Visualize chains

The visualize_chains module is designed to create an interactive plot visualizing the resulting chains in a segmentplot (or dotplot, but segments are represented instead of dots) from a chaining module.

Input data:

The visualize_chains alignment module expects the tab-delimited ouptut table of one of the chaining modules, for example, from SegMantX’s chain_self_alignments or chain_alignments module:

Click here to visit an example table

Minimal examples:

I. Visualizing chains from self-sequence alignment chaining:

SegMantX visualize_chains --input_file tests/NZ_AP022172.1.chains.tsv --output_file tests/NZ_AP022172.1.html --fasta_file_query  tests/NZ_AP022172.1.fasta --query_is_subject
  • -i or --input_file: Output file from chaining results as input.
  • -o, --output_file: Output file: Interactive plot (i.e., html file).
  • -fq or --fasta_file_query: Fasta file to read out the sequence length.
  • -QIS or --query_is_subject: Specify this flag if the query sequence is identical to the subject sequence (i.e., chaining result from self-alignment).

Note, that --fasta_file_query is used here to provide the sequence length for plotting the right scale on the axes, but it is optional. Addtionally, setting the sequence length becomes mandatory if the chaining results corresponds to a sequence with a circular sequence topology.
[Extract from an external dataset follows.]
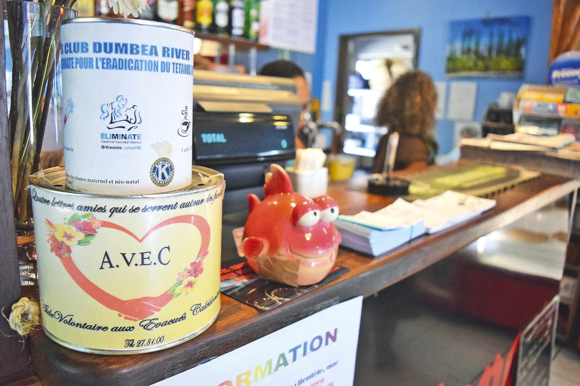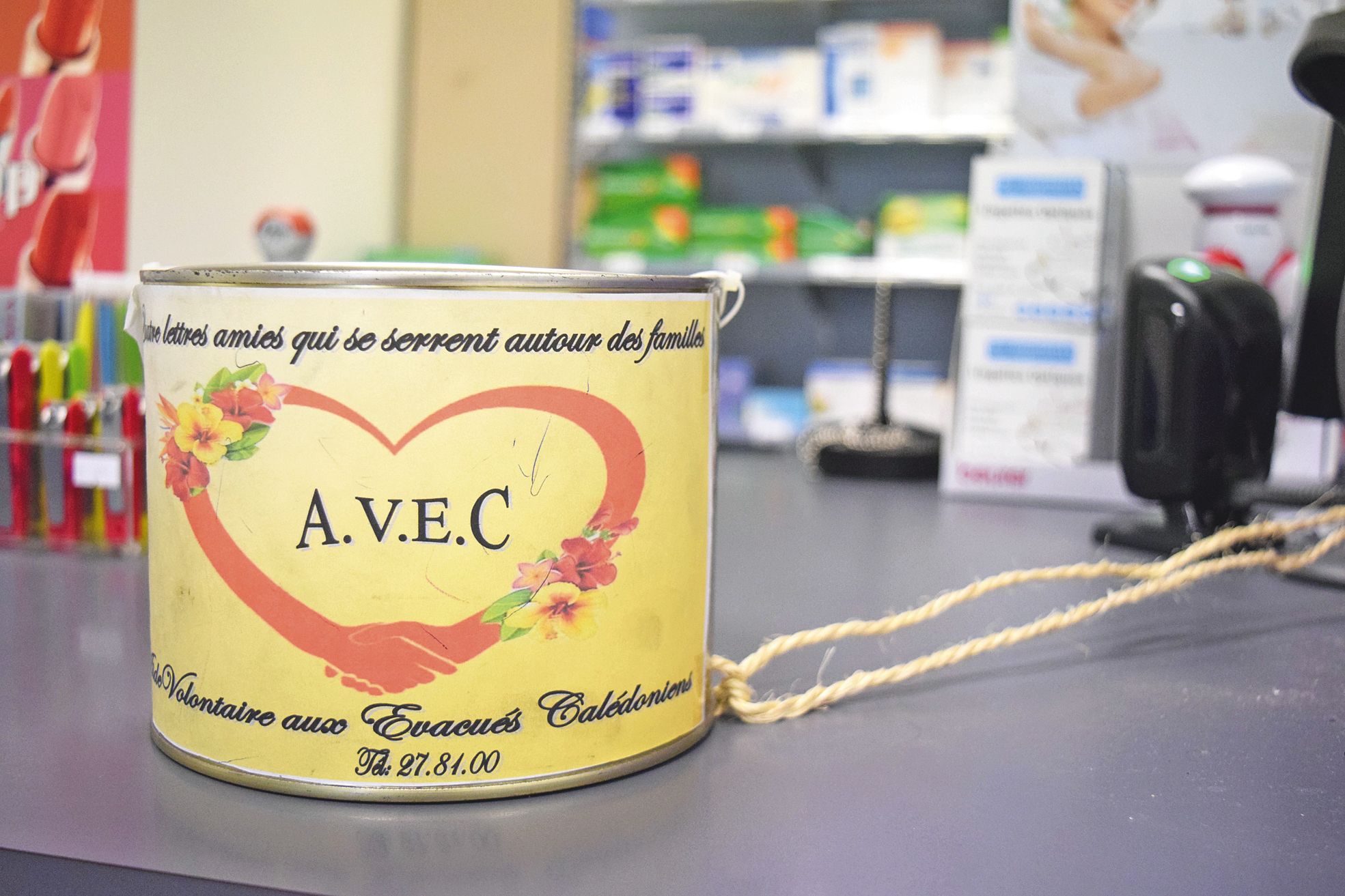 Dans ce magasin de Dumbéa, la boîte d’Avec (Association d'aide volontaire aux évacués calédoniens) a tendance à disparaître. L'équipe a donc décidé de l'attacher au comptoir.
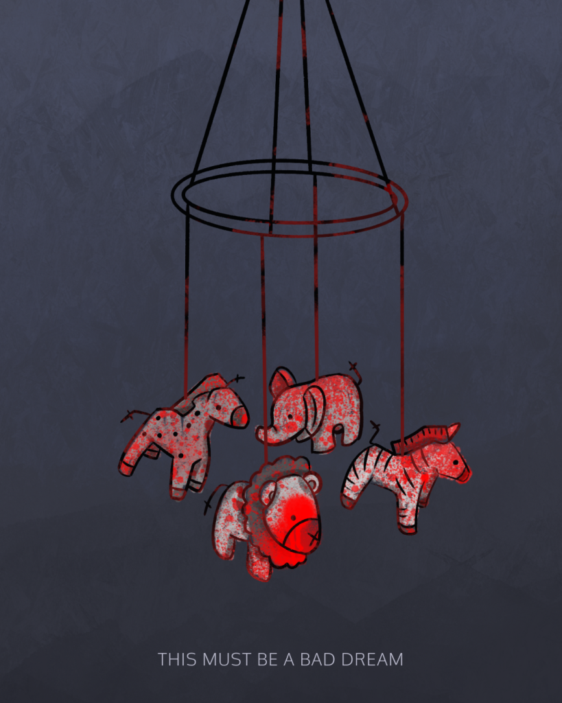 "חיכיתי לפרויקט מהסוג הזה. לא יכולתי להתרכז בעבודה הרגילה שלי, ורציתי להרגיש חלק מהמאמץ המלחמתי. רציתי להרגיש שאני עושה משהו שיש לו משמעות. בתחילת המלחמה פחדתי להיות בחוץ וקיוויתי שתהיה יוזמה שבה אני אוכל להרגיש שאני תורמת גם בלי לצאת מהבית. כששמעתי על הפרויקט, יצרתי המון דימויים. בהתחלה ניסיתי לעצב דימויים ניטרליים ו'פוסטריים' ולא הרשתי לעצמי להביע רגש, אבל ככל שהמלחמה המשיכה ונחשפתי לאימג׳ים ולסרטוני הסברה אחרים, הבנתי שהרגש הוא מרכיב מאוד חזק בהסברה שלנו. הרשיתי לעצמי 'לחפור' יותר לעומק במה שאני מרגישה וכך יצרתי את הדימוי של המובייל עם השפרצות הדם: מכל הזוועות שקרו ב-7 לאוקטובר הדבר שהכי זיעזע אותי היה הרצח של התינוקות. רציתי לייצר דימוי שמדבר על זה בלי להיות מילולי מדי וככה חשבתי על הדימוי של המובייל. חפץ כל כך תמים שנחשף לטבח נורא".

Alternatively, the sequence length can be set manually (see below).

II. Visualizing chains from sequence alignment chaining between two distinct sequences:

SegMantX visualize_chains --input_file  tests/NZ_CP018634.1_vs_NZ_CP022004.1.chains.tsv --output_file tests/NZ_CP018634.1_vs_NZ_CP022004.1.html --fasta_file_query tests/NZ_CP018634.1.fasta --fasta_file_subject tests/NZ_CP022004.1.fasta
  • -i or --input_file: Output file from chaining results as input.
  • -o, --output_file: Output file: Interactive plot (i.e., html file).
  • -fq or --fasta_file_query: Fasta file to read out the sequence length.
  • -fs or --fasta_file_subject: Fasta file to read out the sequence length.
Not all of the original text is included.